Kuwaiti MPs and activists Wednesday urged the ruler of the oil-rich Gulf state to sack the prime minister, charging he is responsible for widespread corruption and deterioration of services.
In the biggest anti-government rally so far, over 10,000 protesters cheered loudly as speaker after speaker strongly lashed out at Prime Minister Sheikh Nasser Mohammad al-Ahmad Al-Sabah, a nephew of the emir.
“Your highness, corruption under the governments of Sheikh Nasser has reached new highs … Your highness the country is at risk … the premier does not deserve to stay,” said Islamist MP Faisal al-Muslim, addressing the emir.
“The people want to see the departure of Sheikh Nasser and parliament as well,” said the opposition lawmaker.
Since Sheikh Nasser was appointed prime minister in February 2006, he has been under strong pressure from opposition groups to quit. He has so far survived several confidence votes in parliament.

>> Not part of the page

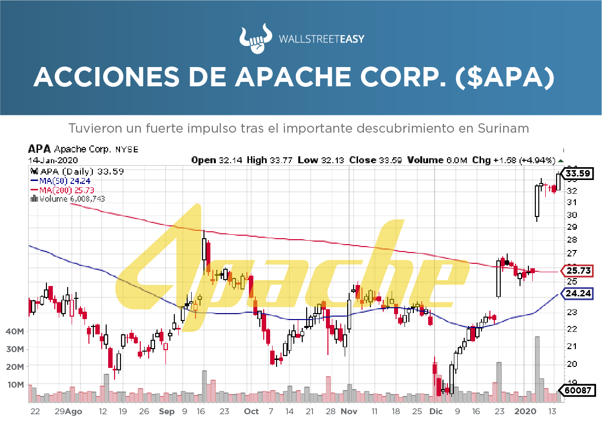 Las acciones de la empresa estadounidense Apache Corporation (APA) obtuvieron su mayor ganancia desde 1973, luego de que junto con su socio Total S.A (TOT), anunciaran un importante descubrimiento en el bloque 58 de Surinam.

The opposition-sponsored protests have been launched in the wake of an unprecedented multi-million-dollar graft scandal involving around 15 MPs in the 50-member parliament and possibly government officials.
The public prosecutor last month opened a probe into the accounts of those MPs suspected of receiving around $350 million in “political bribes,” according to opposition lawmakers.
The scandal has already forced Foreign Minister Sheikh Mohammad Al-Sabah to resign after leading opposition MP Mussallam al-Barrak accused the government of making huge illegal overseas transfers through Kuwaiti embassies.
“Sheikh Nasser is incompetent and can not be trusted to lead the government,” charged Barrak at the rally. “We (the opposition) will never meet with him.”
Barrak charged that the office of the prime minister made 485 “suspicious money transfers” mostly to Geneva, London and New York, since April 2006, estimated at dozens of millions of dollars.
He used the projector to show classified documents of the transfers.
Islamist activist Hamad al-Matar said the opposition rallies will continue until the fall of the government as he welcomed the resignation of the former foreign minister and urged other cabinet members to step down.
Speakers also charged the government of giving the bribes to MPs and some called for dissolving parliament and for a snap election.
Corruption has been on the rise in this oil-rich emirate which amassed more than $200 billion of budget surpluses over the past 12 fiscal years, thanks to high crude price.
Between 2003 and 2009, the emirate slipped 31 places to 66th position on the Berlin-based Transparency International Corruption Perceptions Index among 178 nations.
In 2010, however, it improved 12 places to the 54th position but still came last among the six energy-rich Gulf Cooperation Council (GCC) states.
Kuwait, OPEC’s third largest producer, has been rocked by a series of political crises between the opposition and the government, stalling development despite the abundant oil-driven wealth.